Das Bürgerzentrum Ehrenfeld (BüzE) baut mit Menschen die neu in Deutschland sind sowie mit alteingesessenen Ehrenfelder*innen ein neues Projekt auf. Das Projekt nennt sich „Approach“ (dt. „Annäherung“) und soll auch genau das erreichen: Sinnvolleren und interessanteren Kontakt zwischen beiden Gruppen herstellen.

  1. Du wirst als Veedel-Guide in Ehrenfeld ausgebildet.
  2. Das BüzE veranstaltet regelmäßig Approach“-Konzerte mit internationalen Künstler*innen
  3. ImAgenda:Ehrenfeld Café im BüzE baut sich eine Steuerungsgruppe für die Projekte auf, die es in die Zukunft führt! Werde Teil davon!

Warum sollst du mitmachen?
Du lebst nicht nur in Köln/Ehrenfeld sondern du gestaltest deine Umgebung auch aktiv mit! Werde Teil einer nicht-politischen Bewegung, deren Richtung du selbst vorgibst.

Eure und unsere Ziele:

  • Finde heraus, was für dich und andere gesellschaftliche Werte, Normen und soziale Rollen bedeuten!
  • Trete in einen sinnvollen & interessanten Kontakt miteinander! Trete sinnvoll in Kontakt mit deinen anderen interessanten Mitmenschen
  • Lern dich zu organisieren, zu engagieren und für Teilhabe zu motivieren!
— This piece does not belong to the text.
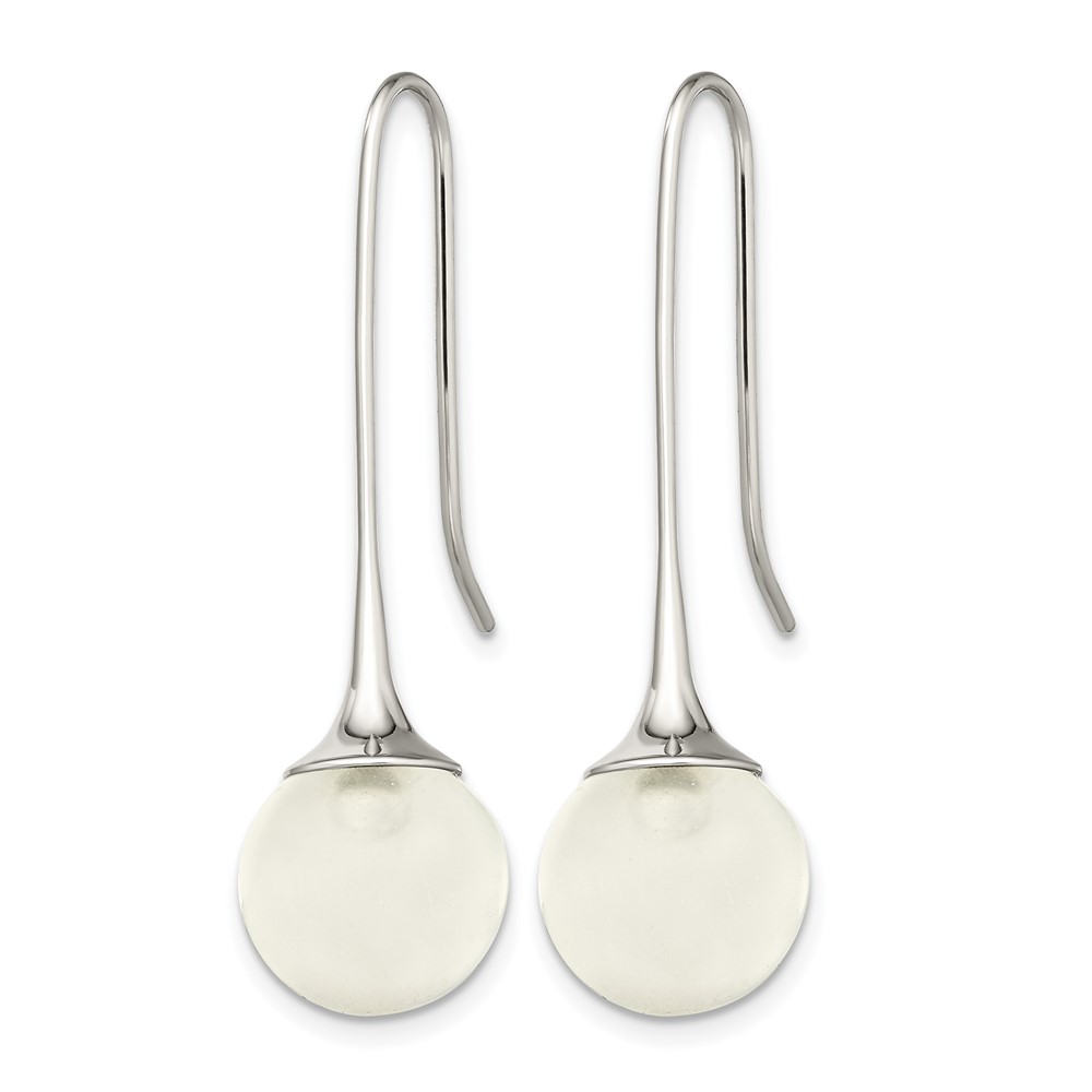 Chisel Stainless Steel Polished with Glass Ball Shepherd Hook Earrings

Meldet dich als Veedel-Guide an:

Dana Khamis
d.khamis@bueze.de
0221-5462176

Informiere dich weiter über das Projekt & werde Teil der „Agenda:Ehrenfeld“:
http://www.buergerzentrum.info/soziale-arbeit/gefluechtete

Agenda:Ehrenfeld

Die inhaltliche Gestaltung aller im Rahmen des Projekts stattfindenden Veranstaltungen wollen wir im Sinne des Namens „Approach“ (dt. „Annäherung“) zusammen mit allen machen. Dies geschieht in der „Agenda:Ehrenfeld“. Diese Gruppe steuert die Projekte ganz bequem aus dem Café heraus. Ziel des Cafés ist die Öffnung des Projekts durch das Schaffen eines unkomplizierten Zugangs sowie die Förderung der gesellschaftlichen Teilhabe. Außerdem wollen wir gemeinsam die bestehenden Rollenmuster aufdecken und hinterfragen.
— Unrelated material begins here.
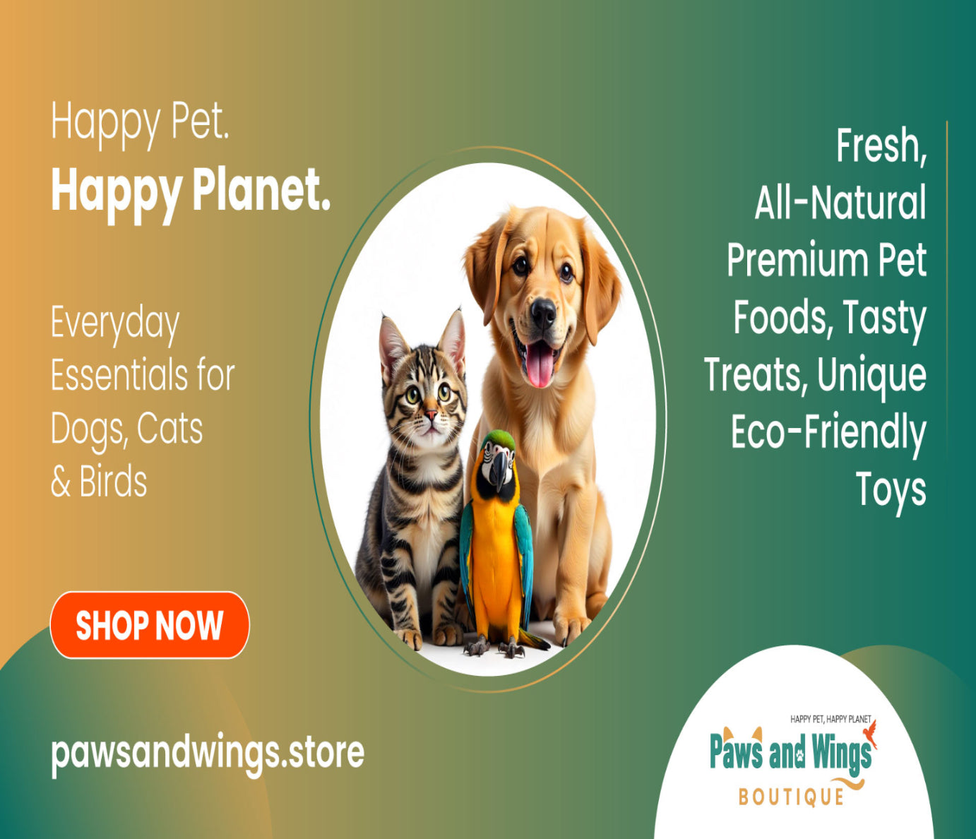 At Paws and Wings Boutique™, we’re passionate about every pet—furry, feathered, and everything in between. Our mission is to bring pet parents a trusted destination for high-quality, all-natural foods, wholesome treats, unique toys, and stylish accessories that keep dogs, cats, and birds healthy, happy, and thriving.

An jedem ersten Sonntag im Monat findet ein offener Treff im Café vom BüzE statt. Alle sind eingeladen. Wie bei Oma und Opa gibt es Kaffee und Kuchen in entspannter Atmosphäre. Ideen und Anregungen zu dem Projekt können von allen eingebracht werden. Neben der Projektleitung ist auch der*die Kulturmanager*in anwesend, sodass die Ideen unmittelbar eingearbeitet werden können. Wenn ihr seht, was ihr da schafft, ist das vielleicht ja nur das Sprungbrett in noch viel mehr cooles Engagement?! Schauen wir mal. Erst einmal ist wichtig: Niemand ist zu irgendetwas verpflichtet. Wenn ihr Verantwortung übernehmen wollt, dann verpflichtet euch selbst und zeigt allen anderen, was ihr draufhabt!

Durch die wechselnden Aktivitäten werden Denkprozesse in Gang gesetzt. Können wir z.B. unbewusste Rollenmuster aufdecken und bewusst reflektieren? Rollenspiele können hierbei helfen. Die Projektleitung sowie der*die Kulturmanager*in leiten hierzu an.
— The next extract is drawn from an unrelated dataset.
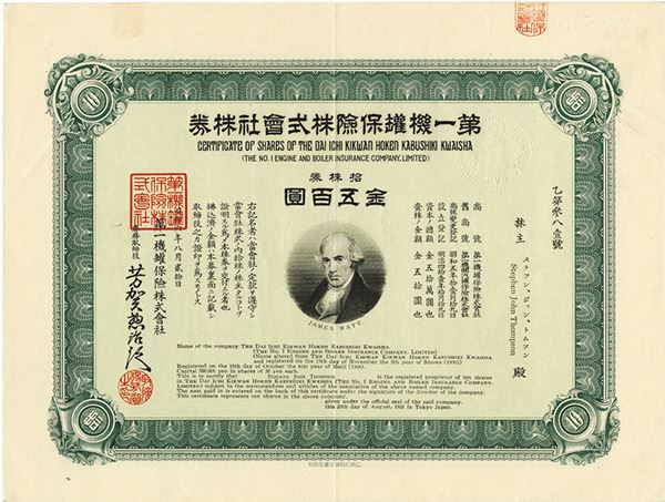 Japan. 10 Shares Issued and Uncancelled Stock Certificate. Company name translates to The No.1 Engine and Boiler Insurance Co., LTD. Black print with a green border and a light green under print. Portrait of James Watt, Scottish inventor, at center of certificate. James Watt helped to improve on the steam engine, and the unit of power, the watt, is named after him. XF condition, certificate is in English and Japanese. Scarce Japanese and English text on Japanese Stock Certificate. (John E.Herzog Collection).

Das Café bietet noch dazu einen idealen geschützten Rahmen zum Kennenlernen. Wir sitzen nicht nur herum und versuchen krampfhaft ein Gespräch zu finden. Wir haben alle ein gemeinsames Projekt. Jeder leistet seinen konstruktiven Beitrag. Jeder hat was zu sagen. Jeder weiß, worum es geht. Jeder ist Botschafter und kann neuen Projektmitgliedern erklären, was der Plan ist.

Der Ablauf des Cafés sieht wie folgt aus:

  • Begrüßung und ggf. Vorstellungsrunde (Jeder kriegt ein Namensschild – also keine Panik, wenn ihr schlecht mit Namen seid. Das geht vielen so )
  • Wechselnde Aktivitäten/Rollenspiele (Alles kann, nichts muss.)
  • Austausch von Ideen, Wünschen und Anregungen:
    • Welche Themen sollen die Erkundungen noch angehen?
    • Welche Vereine o.ä. sollen für die Engagementbörse angefragt werden?
    • Gibt es Tipps für die Kulturarbeit (z.B. gewünschte Ausstellungen, Filme)?
    • Weiterer Raum für noch mehr Input

Die Ergebnisse werden festgehalten, sodass sie im Nachgang in die Programmplanung mit einbezogen werden können.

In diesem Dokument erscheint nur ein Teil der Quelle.